In sum, this paper helps us to understand the underpinnings of the test which is regarded as the gold standard for individual psychometric assessment. All tests have to evolve, but none can escape the need to sample widely and carefully, and to restrict the scores to those which are reliable and valid. In my view the Wechsler test producers should use more subtests and offer fewer factor scores.


  1. For more on the shenanigans of test publishers, see this thorough review of the WISC-V by Canivez and Watkins.

    1. thank you. An illuminating attempt at replication

  2. there's a continuum - on one end we can measure many different-ish things in a cursory manner, on the other end we can measure very few things way too many times - no sense in measuring the same thing 10 times:)

    a composite based on only 2 or 3 subtests may have high reliability - or not - it depends on those pesky subtests (reliability/intercorrelations/& the sample)

    factors definitely depend upon what tests are in the mix. factor stability of traditional ability tasks doesn't very much unless given to a group without much variability - say to a very low ability (or very young) group - they will have fewer factors. but g is always there:)

    the WJ-IV replaced many of their WJ-III GIA subtests (relegating old ones to the supplemental bin). some folks question why we were giving them all those years if they didn't work well enough to be included in the new GIA. some call it progress.

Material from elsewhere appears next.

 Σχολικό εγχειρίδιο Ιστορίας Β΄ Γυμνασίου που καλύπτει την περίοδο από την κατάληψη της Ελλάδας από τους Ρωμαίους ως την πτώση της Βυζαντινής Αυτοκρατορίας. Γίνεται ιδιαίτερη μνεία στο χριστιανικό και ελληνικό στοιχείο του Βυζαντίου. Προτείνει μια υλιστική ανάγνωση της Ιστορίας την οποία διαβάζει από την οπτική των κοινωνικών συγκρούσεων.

    all IQ tests are works in progress (as is science!) yet marketing departments never want to call them "works in progress" - they want to change them as little as necessary to appear up to date, but not so much they are unrecognizable & hence too much work to (re)learn!

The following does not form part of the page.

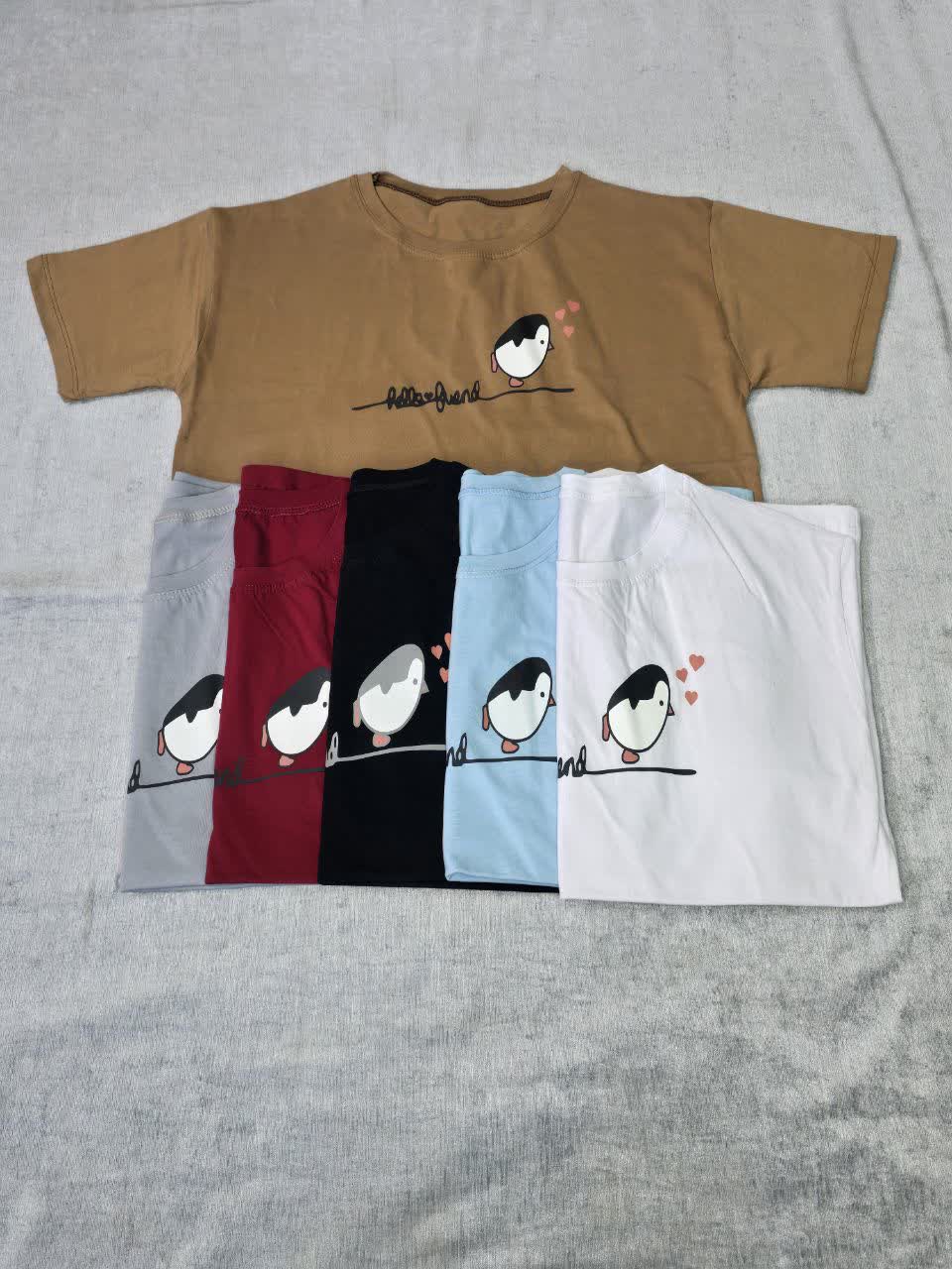 تیشرت زنونه پنبه طرح پنگوئن کد 3551

    marketing would be happy with "now more scores from fewer tests! less work - more scores! buy now!" :)

    1. Thanks for your comments, which I agree with, and always welcome.

  3. Regarding the Spanish Inquisition: https://m.youtube.com/watch?v=d3N0uEGVv48

    1. It was the early part of that film which I had in mind. Thanks!

  4. A small point: "Ritchie et al. (2015) found that years of education directly predicted performance on ... Matrix Reasoning .... " doesn't seem entirely consistent with "Matrix Reasoning and Figure Weights are the measures less influenced by formal education".

    A second point, and meant seriously not sarcastically: what is the point nowadays of research into measuring IQ? I have the impression that IQ is such an anti-PC concept that many organisations are reluctant to use it - particularly many organisations in the US. Or am I simply wrong in that impression?

    1. I summarised a more lengthy explanation thus: Only three tests showed lower loadings as educational level increased. Schooling might reduce the effect of some abilities required in the Matrix Reasoning Task. In the higher educational levels, Matrix Reasoning would be a purer indicator of the general factor.
      So, it is about the diminishing effects at higher levels of education.
      On your second point, organisations are still interested in testing intelligence, though the tests usually have other names. Government bodies are usually more evasive (the US military can test intelligence so long as they don't say so too loudly) but private companies test "ability" "readiness" "thinking skills" and so on, avidly.

  5. My reply seems to have vanished into the ether so I repeat my thanks for this answer.